Samantha Gash (born 14 October 1984) is an Australian professional endurance athlete, social entrepreneur and motivational speaker. As an endurance athlete, Gash focuses on long distance expedition runs and adventure races. She is an ambassador to numerous organizations and events including World Vision, Lululemon Athletica, Run Melbourne and Travel Play Live.

==Career==
===Endurance running===
In 2010 at the age of 25, Gash became the first woman and youngest person at the time to complete the Four Deserts Grandslam, four 250 km desert ultramarathons completed in four deserts around the world (the Atacama, Gobi, Sahara and Antarctic deserts) in one calendar year. At the time, only two male athletes had completed this challenge. Gash and three other ultra-marathoners were the subjects of the 2013 documentary film Desert Runners, which followed their journey throughout the four races and looked at the mindset of endurance athletes.

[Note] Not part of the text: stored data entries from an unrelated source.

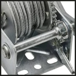 Fune metallica senza vorticeGancio di carico di sicurezza con cerniera di sicurezzaIl coperchio di sicurezza impedisce che il carico si stacchi involontariamenteBlocco di ritorno per arrestare in modo sicuro la corda e il caricoLa presa morbida sulla manovella garantisce un lavoro piacevoleFacile montaggio grazie alla piastra di montaggio con fori
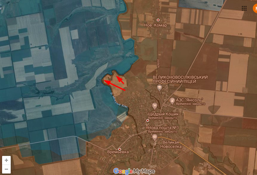 Северо-западнее Великоновоселки Днр/Рф вытеснили Всу с последнего плацдарма на восточном берегу р Мокрые Ялы в этом районе.
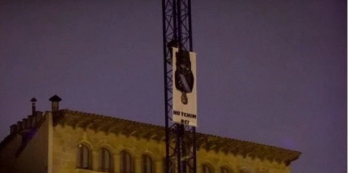 Al cartell, penjat en una grua, apareixia una foto de Rei Felipe VI cap per avall sobre fons blanc i es podia llegir 'No tenim rei'.
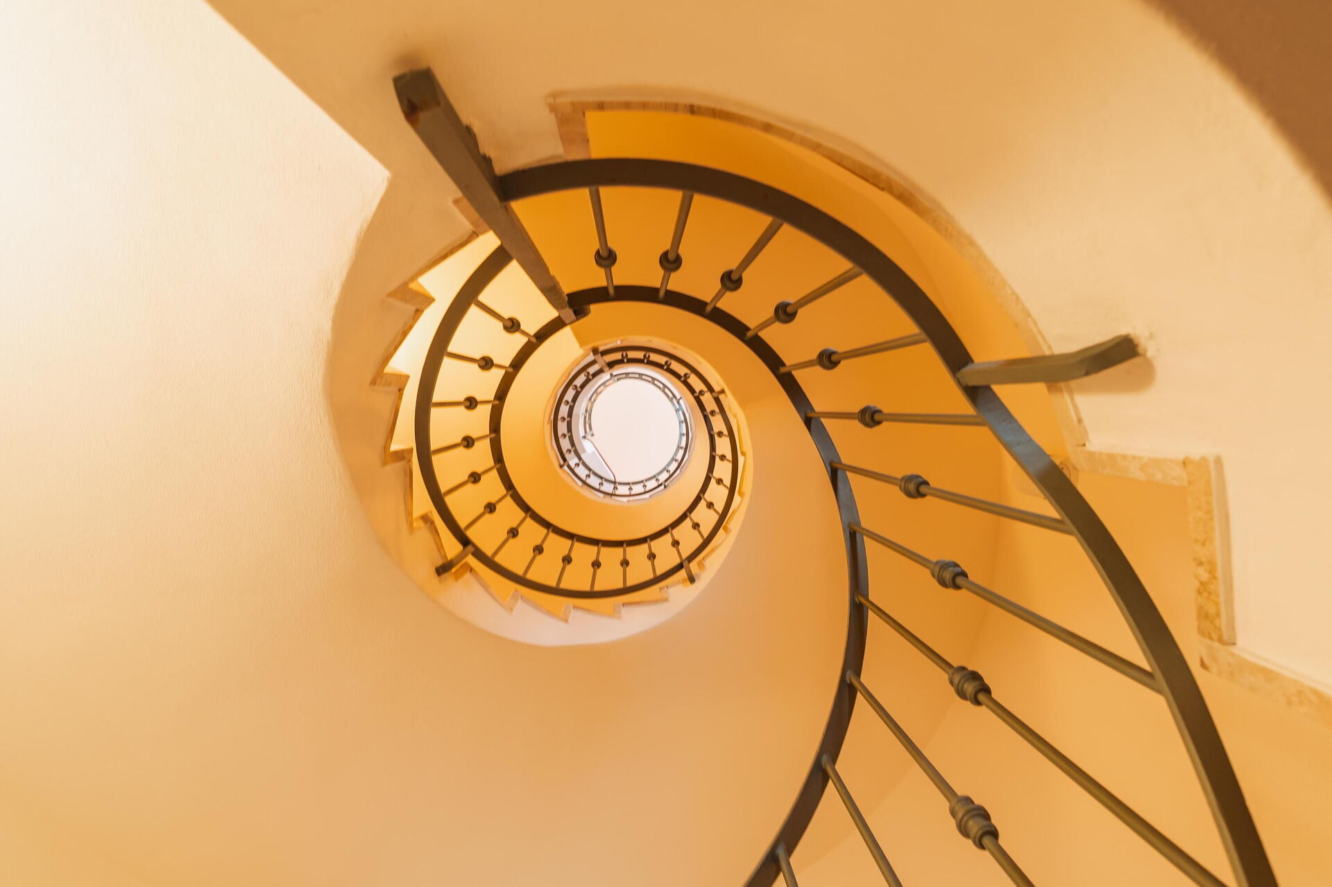 Alle etasjene er forbundet innvendig via en spiraltrapp.
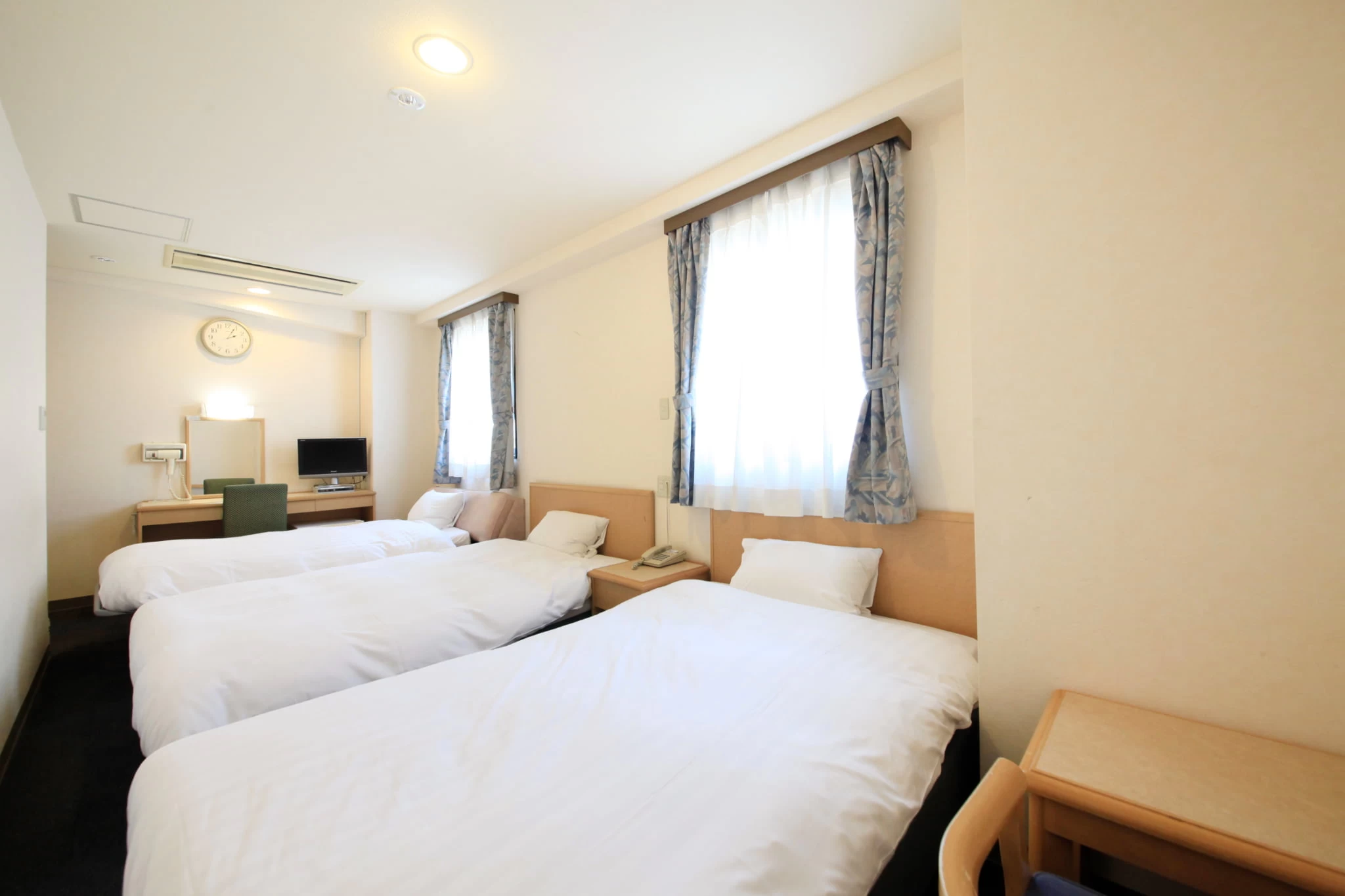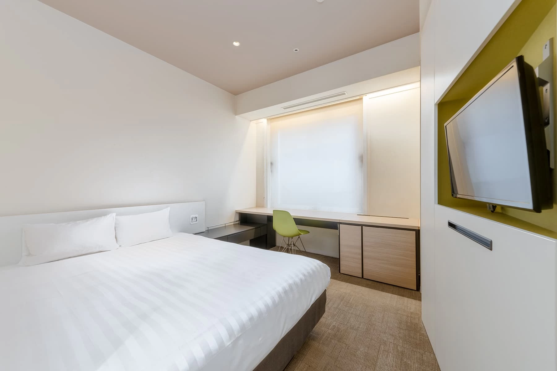 ショッピングに便利なクリスロード商店街のど真ん中に位置する「ホテルプレミアムグリーンプラス」。「シングル」「セミダブル」「ツイン」「トリプル」といった機能的でコンパクトな客室は、多目的に利用可能。落ち着いたトーンで統一されており、全客室無料Wi-Fiを完備しています。朝食付きのレギュラープランをはじめ、ビジネスに便利な「4連泊プラン」、20泊以上の長期滞在に最適な「マンスリープラン」など多彩なプランが勢揃い。
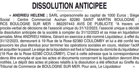 La présentation de votre annonce peut varier selon la composition graphique du journal
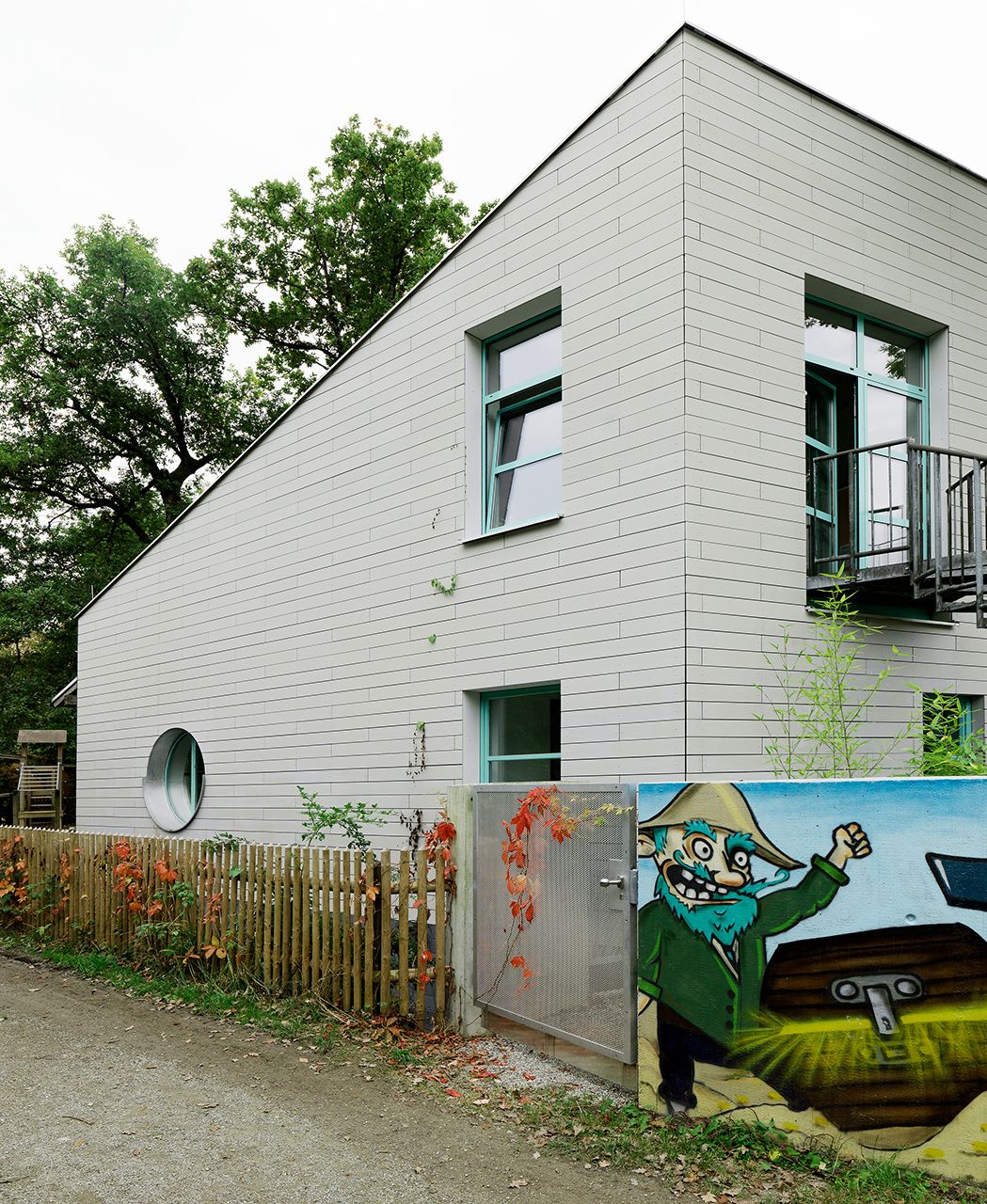 The daycare centre in Haar has been expanded and refurbished, creating much-needed, additional day care spaces. The architect, Jürgen Schebesta, planned the extensive restorations, cladding the facade with öko skin slats.
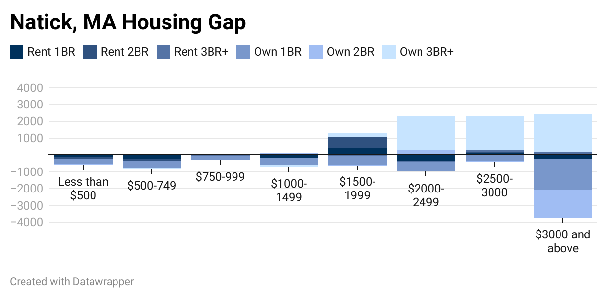For example, Natick has high incomes with a need for one to two bedroom housing. In contrast, Maywood has lower incomes and larger families that need units with three bedrooms or more. Their analysis found that the housing supply for Maywood has smaller units available, and Natick had larger units available, which does not align with either community’s housing needs.
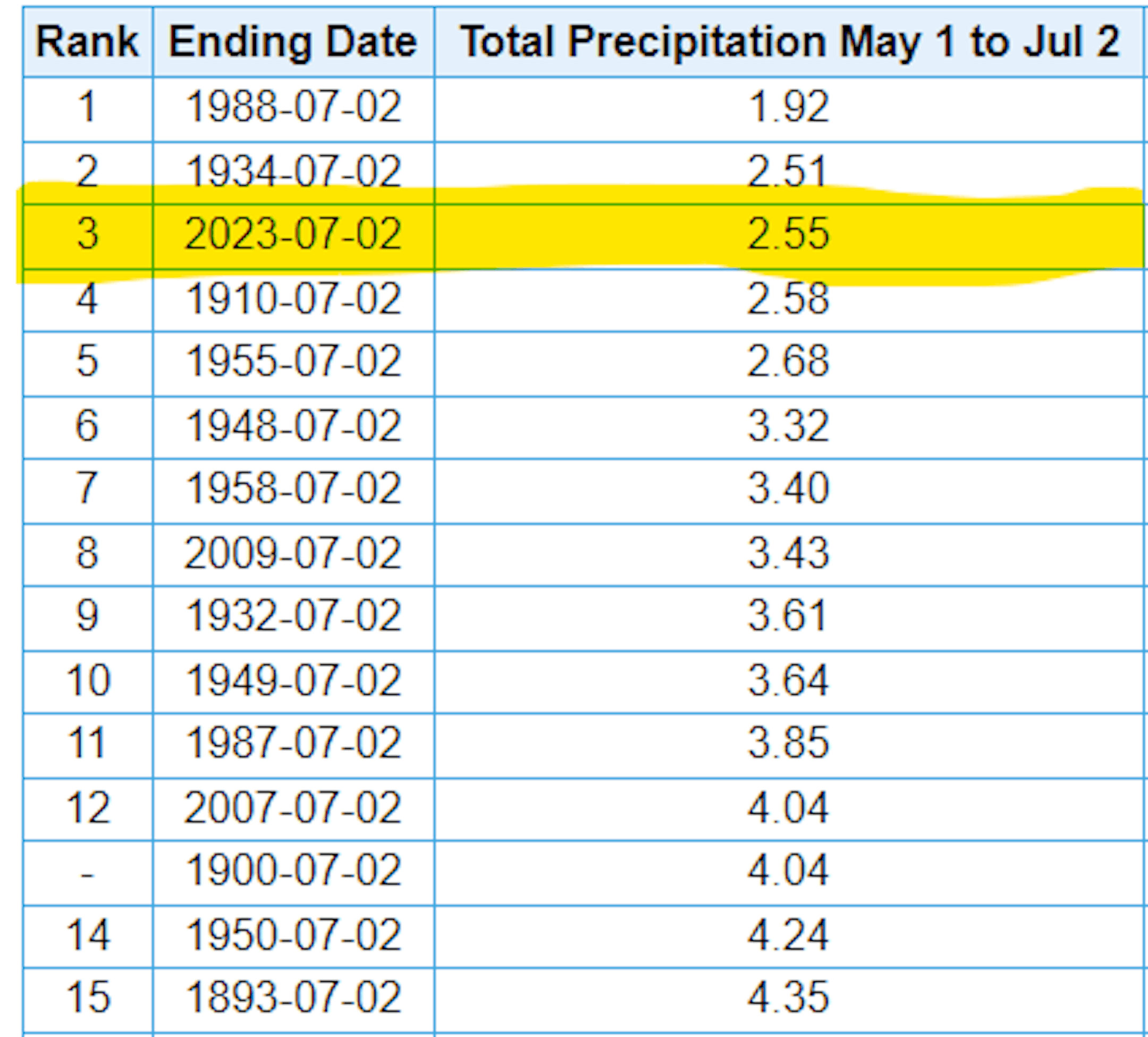 Believe it or not, the MSP Airport only saw 0.93" of rain for the month of June, which is good enough for the 2nd driest June on record. Note that there have only been 3 Junes on record that have seen less 1" of rain since records began in the 1870s.

=== Social change projects ===
Gash has used her ability to run long and connect it to social change projects that link to female empowerment and access to education programs.

In 2012, Gash ran 379 km non-stop across Australia's Simpson Desert. She raised around $32,991 to fund a Save the Children education initiative in Australia.

In 2014, Gash collaborated with UK ultra-runner Mimi Anderson and together they founded Freedom Runners. It was an initiative that combined a fundraising and awareness campaign around the high cost of feminine hygiene products for women in Sub-Saharan Africa and its link to female absenteeism in school. Over 32 days, they ran 1,968 km across South Africa’s Freedom Trail and raised over $55K for a Save the Children program. They ran an average of 64 km every day and had no rest days.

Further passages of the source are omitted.